Without including any picture, transcribe the entries below word for word.

(Dataset items)
###

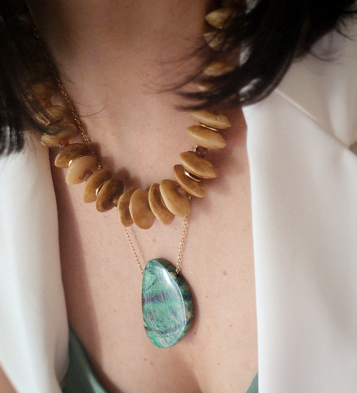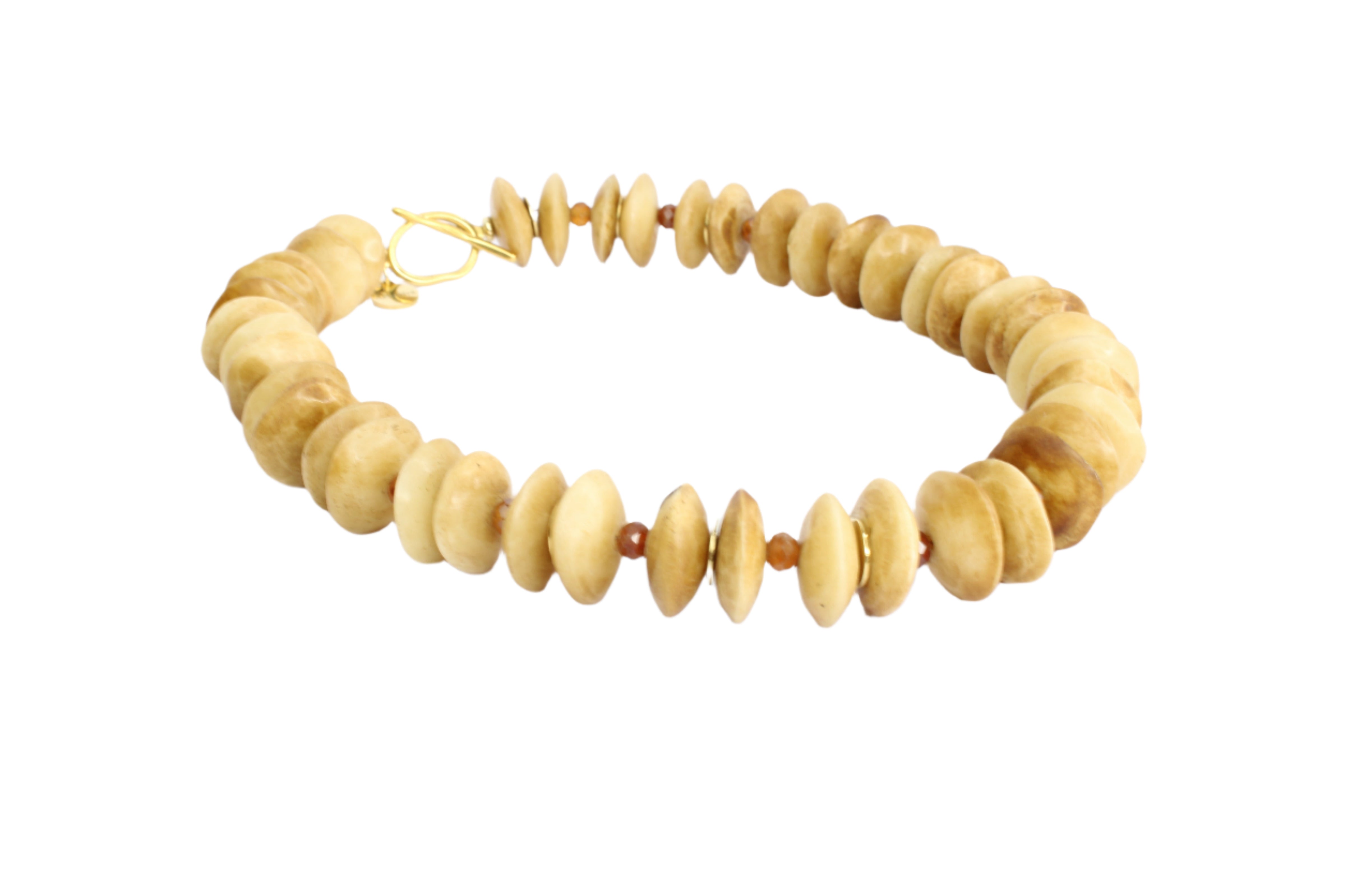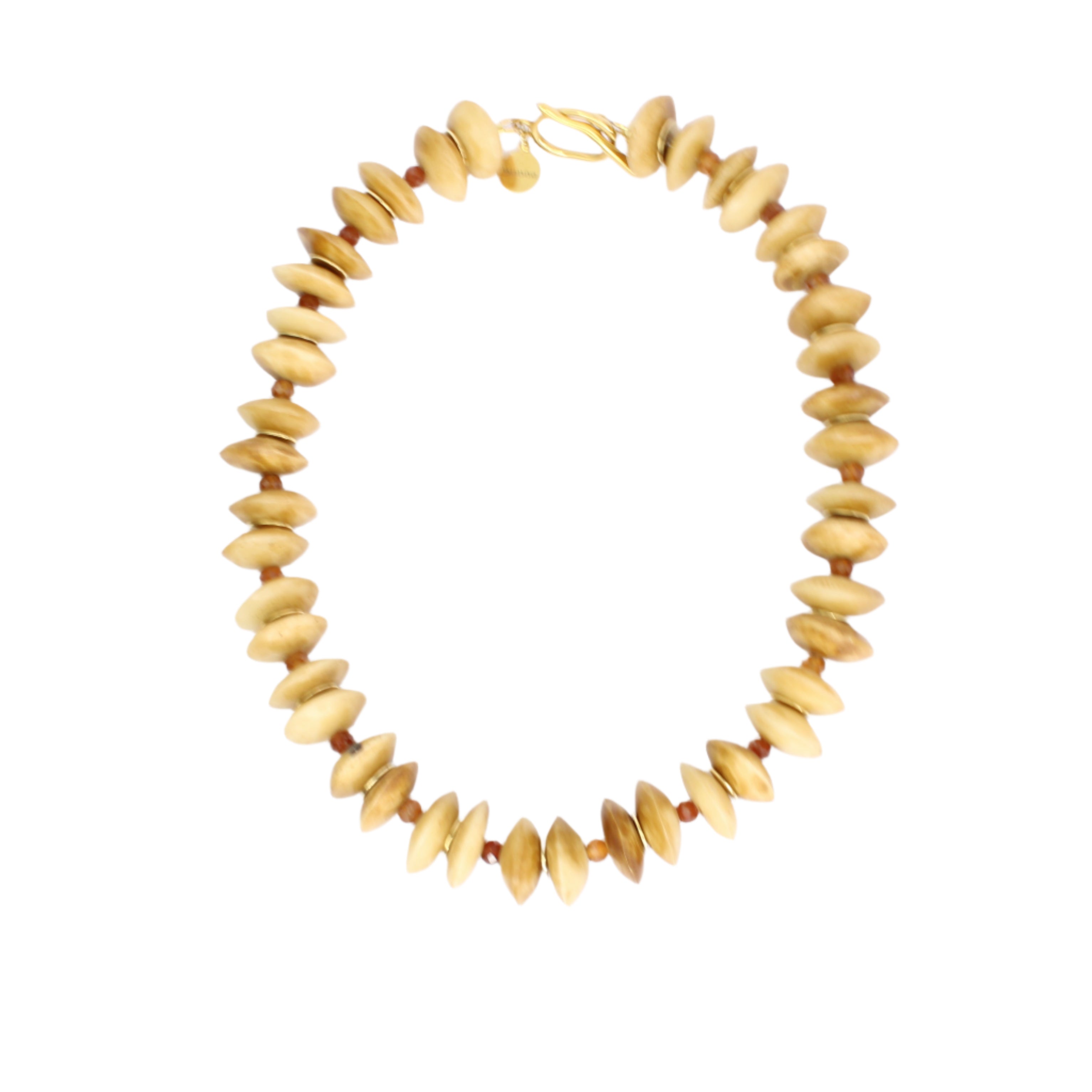 Make a striking statement with our Bone and Hessonite Stone Necklace, a masterpiece that combines luxurious gemstones and a contemporary design. The vibrant hues of hessonite — a rich, reddish-brown garnet — perfectly complement the strength and depth of the bone stones, creating a truly unique and captivating piece. The necklace exudes both boldness and sophistication, making it an ideal accessory for those who love to stand out with style.
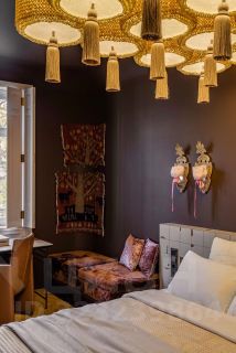 Акценты в спальне - авторская люстра и комод ручной работы, отреставрированный и обрамленный медным листом.
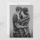 Mit einem Single-Foto und einem modernen Drehbuch "Save the Date" ist diese Karte der perfekte Weg, um Ihre Verlobung und die bevorstehende Hochzeit zu Freunden und Familie anzukündigen. Der weiße Text ist fett und modern, aber dennoch raffiniert. Der anpassbare Text auf der Vorderseite hat Platz für Namen, Datum, Ort und andere Informationen wie eine Hochzeitswebsite. Die Rückseite ist ein schwarz-weiß gestreiftes Muster. Die schwarze Farbe kann bearbeitet werden, indem Sie auf "Anpassen" klicken.
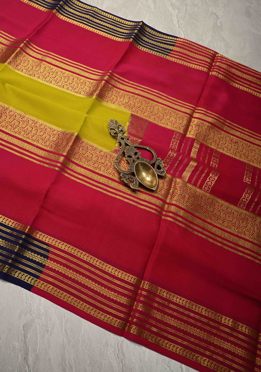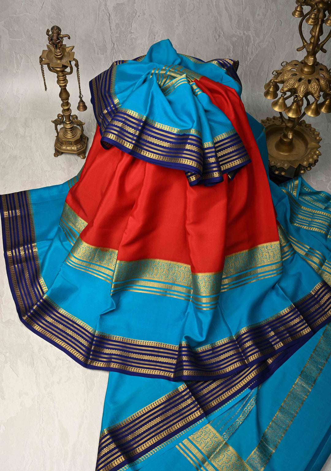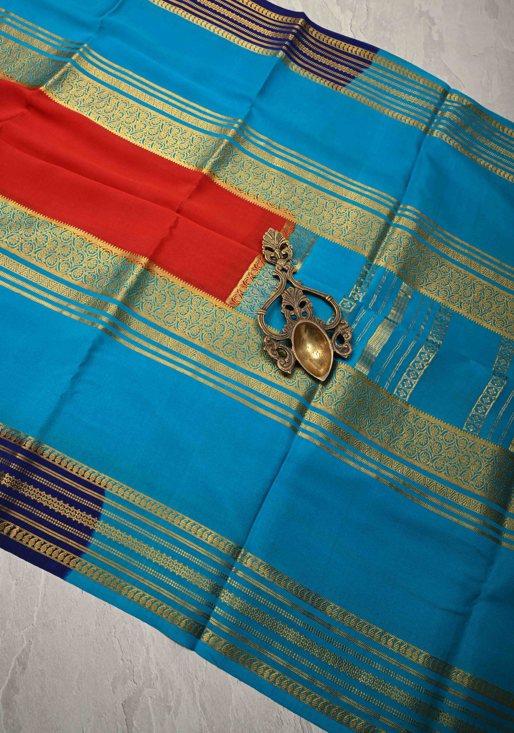 Carmine Red Mysore Silk Saree with Blue Panel and Zari Border in KSIC Grade Thickness | SILK MARK CERTIFIED
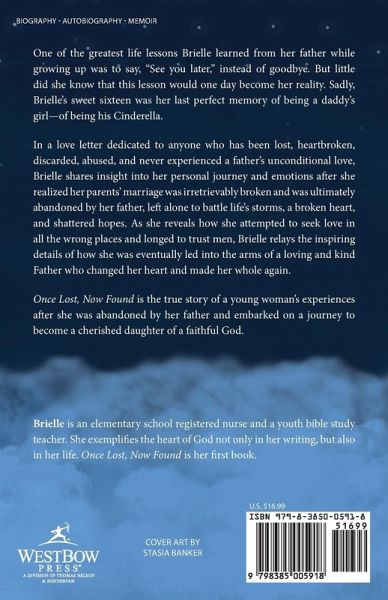 One of the greatest life lessons Brielle learned from her father while growing up was to say, "See you later," instead of goodbye. But little did she know that this lesson would one day become her reality. Sadly, Brielle's sweet sixteen was her last perfect memory of being a daddy's girl-of being his Cinderella. In a love letter dedicated to anyone who has been lost, heartbroken, discarded, abused, and never experienced a father's unconditional love, Brielle shares insight into her personal journey and emotions after she realized her parents' marriage was irretrievably broken and was ultimately abandoned by her father, left alone to battle life's storms, a broken heart, and shattered hopes. As she reveals how she attempted to seek love in all the wrong places and longed to trust men, Brielle relays the inspiring details of how she was eventually led into the arms of a loving and kind Father who changed her heart and made her whole again. Once Lost, Now Found is the true story of a young woman's experiences after she was abandoned by her father and embarked on a journey to become a cherished daughter of a faithful God.
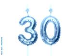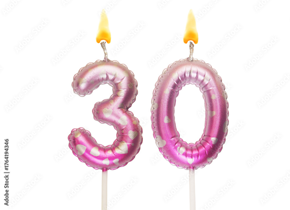 Burning air balloon shaped birthday candles with hearts isolated on white background, number 30
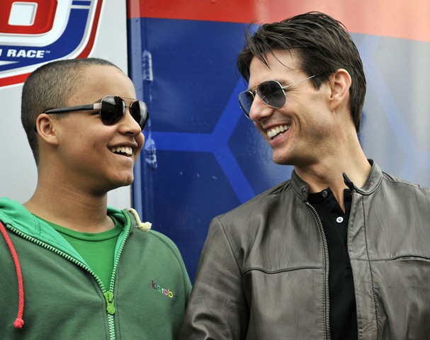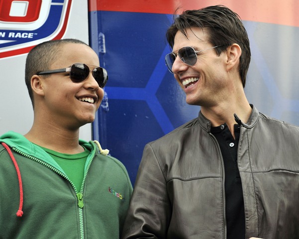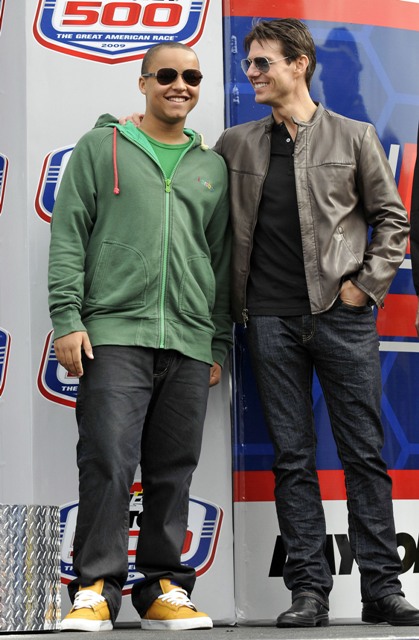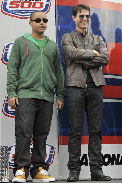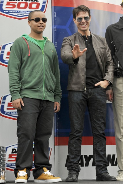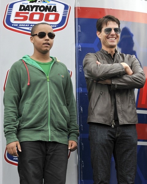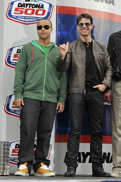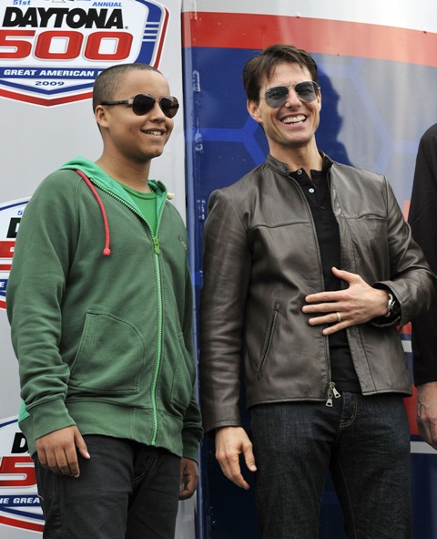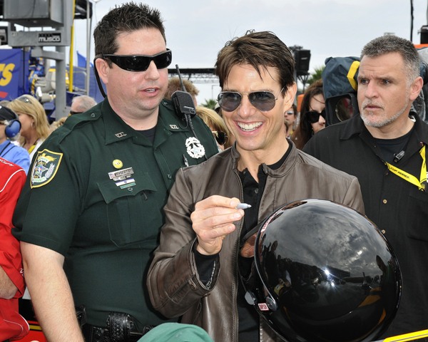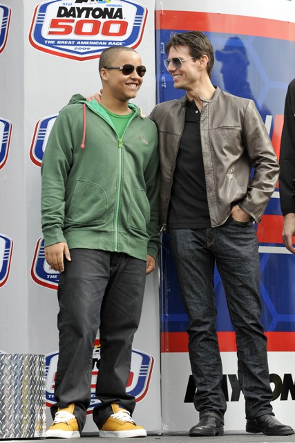 As reported last week, Tom Cruise drove the pace car at the start of the Daytona 500 yesterday and Keith Urban performed during the pre-race festivities. Both wives however were missing. Granny Freeze Nicole Kidman did not appear to be in attendance and Katie Holmes spent the day at Disneyworld with Little Sci instead. So the men were all civil with each other, shaking hands and acting like grownups. Boo.
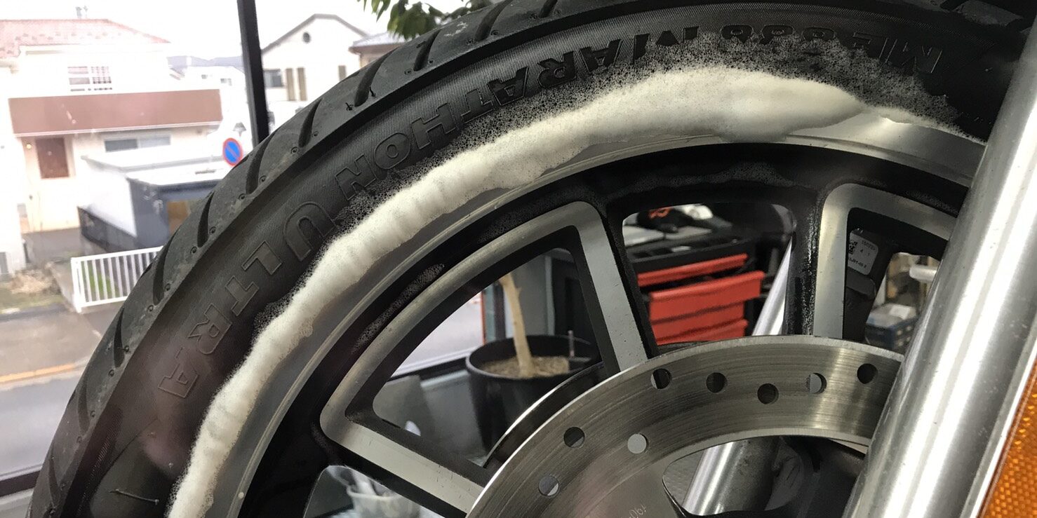 この状態で放置すると駐車中にジワジワと空気が漏れて、乗る時にタイヤがペッタンコ!!…になっているパターンです。ホイールのリムとタイヤのビードをしっかりと清掃させていただきました!
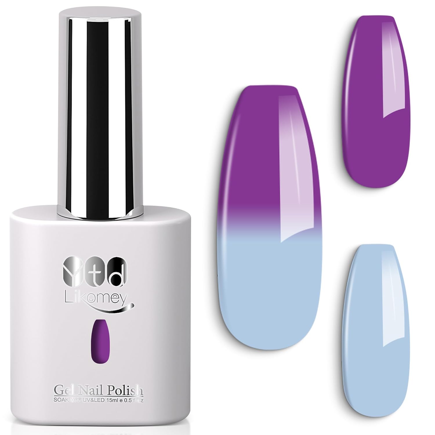 YTD Likomey Color Changing Gel Nail Polish,15ml Blue to Purple Mood Temperature Change Colors UV Nail Gel,Fall Winter Thermal Ombre Manicure Varnish,WB428

###

**Solved exercise**
 Make a striking statement with our Bone and Hessonite Stone Necklace, a masterpiece that combines luxurious gemstones and a contemporary design. The vibrant hues of hessonite — a rich, reddish-brown garnet — perfectly complement the strength and depth of the bone stones, creating a truly unique and captivating piece. The necklace exudes both boldness and sophistication, making it an ideal accessory for those who love to stand out with style.
 Акценты в спальне - авторская люстра и комод ручной работы, отреставрированный и обрамленный медным листом.
 Mit einem Single-Foto und einem modernen Drehbuch "Save the Date" ist diese Karte der perfekte Weg, um Ihre Verlobung und die bevorstehende Hochzeit zu Freunden und Familie anzukündigen. Der weiße Text ist fett und modern, aber dennoch raffiniert. Der anpassbare Text auf der Vorderseite hat Platz für Namen, Datum, Ort und andere Informationen wie eine Hochzeitswebsite. Die Rückseite ist ein schwarz-weiß gestreiftes Muster. Die schwarze Farbe kann bearbeitet werden, indem Sie auf "Anpassen" klicken.
 Carmine Red Mysore Silk Saree with Blue Panel and Zari Border in KSIC Grade Thickness | SILK MARK CERTIFIED
 One of the greatest life lessons Brielle learned from her father while growing up was to say, "See you later," instead of goodbye. But little did she know that this lesson would one day become her reality. Sadly, Brielle's sweet sixteen was her last perfect memory of being a daddy's girl-of being his Cinderella. In a love letter dedicated to anyone who has been lost, heartbroken, discarded, abused, and never experienced a father's unconditional love, Brielle shares insight into her personal journey and emotions after she realized her parents' marriage was irretrievably broken and was ultimately abandoned by her father, left alone to battle life's storms, a broken heart, and shattered hopes. As she reveals how she attempted to seek love in all the wrong places and longed to trust men, Brielle relays the inspiring details of how she was eventually led into the arms of a loving and kind Father who changed her heart and made her whole again. Once Lost, Now Found is the true story of a young woman's experiences after she was abandoned by her father and embarked on a journey to become a cherished daughter of a faithful God.
 Burning air balloon shaped birthday candles with hearts isolated on white background, number 30
 As reported last week, Tom Cruise drove the pace car at the start of the Daytona 500 yesterday and Keith Urban performed during the pre-race festivities. Both wives however were missing. Granny Freeze Nicole Kidman did not appear to be in attendance and Katie Holmes spent the day at Disneyworld with Little Sci instead. So the men were all civil with each other, shaking hands and acting like grownups. Boo.
 この状態で放置すると駐車中にジワジワと空気が漏れて、乗る時にタイヤがペッタンコ!!…になっているパターンです。ホイールのリムとタイヤのビードをしっかりと清掃させていただきました!
 YTD Likomey Color Changing Gel Nail Polish,15ml Blue to Purple Mood Temperature Change Colors UV Nail Gel,Fall Winter Thermal Ombre Manicure Varnish,WB428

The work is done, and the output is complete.